Die Untersuchungsdauer beträgt nach Eingang der Abstrichpräparate ein bis zwei Arbeitstage. Bei cito-Untersuchungen erfolgt die Befundübermittlung am dem Eingang des Abstrichpräparats folgenden Arbeitstag in der Regel bis 12 Uhr per Fax. 

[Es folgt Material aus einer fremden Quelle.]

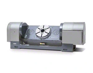 310 mm (12.2") Tilting 2-Axis Trunnion Rotary Table, with scale feedback on the A (tilting) axis. Requires Haas mill with 4th-and 5th-axis drives for true 4th- and 5th-axis operation. Scale feedback functional only on Haas mills with software version 18.xx or later. Scale feedback does not function with rotary control box.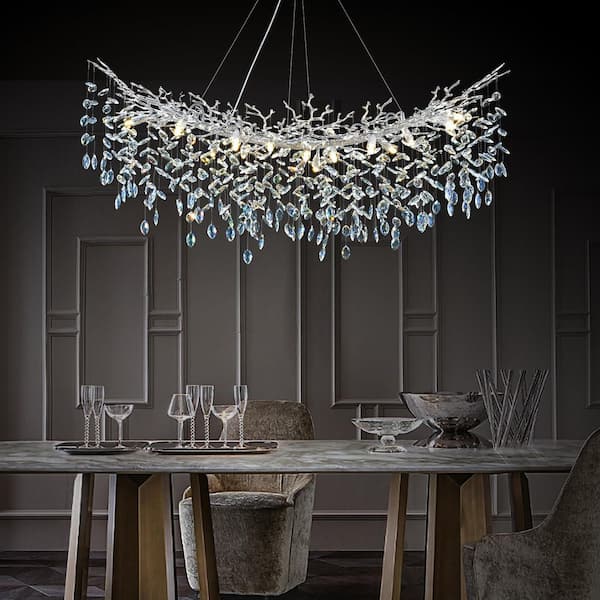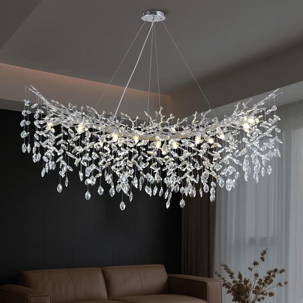 16 lights 55 in. Dimmable Crystal Silver Chandelier, Large Crystal Chandelier, for Living Room, High Ceiling, Foyer

Extragynäkologische Zytologie

Die Untersuchungen dienen vorwiegend dem Tumorzellnachweis, der Klassifikation zystischer und solider Raumforderungen verschiedener Organe und des Weichteilgewebes sowie dem Nachweis entzündlicher Veränderungen. Analysiert werden Flüssigkeiten aus Körperhöhlen wie Pleura- und Perikardergüsse, Aszites und Gelenkhöhlenpunktate, ferner Sekrete aus zystischen und pseudozystischen Hohlräumen (z.B. zystische Läsionen der Mamma, der Ovarien und des Weichteilgewebes), Lavage-Flüssigkeiten (bronchopulmonales System, Pleura- und Peritonealhöhle, Douglas-Raum), Körperflüssigkeiten wie Urin und Sputum und Abstriche z.B. von der Mamille oder von der Mund- oder Ösophagusschleimhaut. Im Rahmen der Punktionszytologie erfolgen Beurteilungen von Feinnadelpunktaten u.a. aus der Schilddrüse, großen inneren Organen, Lymphknoten und dem Weichteilgewebe.

Die technische Bearbeitung, Registrierung und Versiegelung des Untersuchungsmaterials bzw. der von den übersandten Flüssigkeiten angefertigten Ausstriche oder durch Zytozentrifugentechnik gewonnenen Zellpräparate erfolgt analog zum für die gynäkologische Zytologie beschriebenen Verfahren und dauert einen Arbeitstag nach Materialeingang. Zusätzlich zu der für die gynäkologische Zytologie obligaten Papanicolaou-Färbung werden Präparate der extragenitalen Zytologie abhängig von Material und Herkunft auch nach Pappenheim (May-Grünwald-Giemsa), Giemsa, PAS oder Eisen gefärbt. Im Bedarfsfall werden ergänzende immunzytochemische Färbungen eingesetzt. Die mikroskopische Beurteilung erfolgt obligat durch einen der Fachärzte des Instituts und wird jeweils mit einer diagnostischen Bewertung in Form eines schriftlichen Befundes abgeschlossen.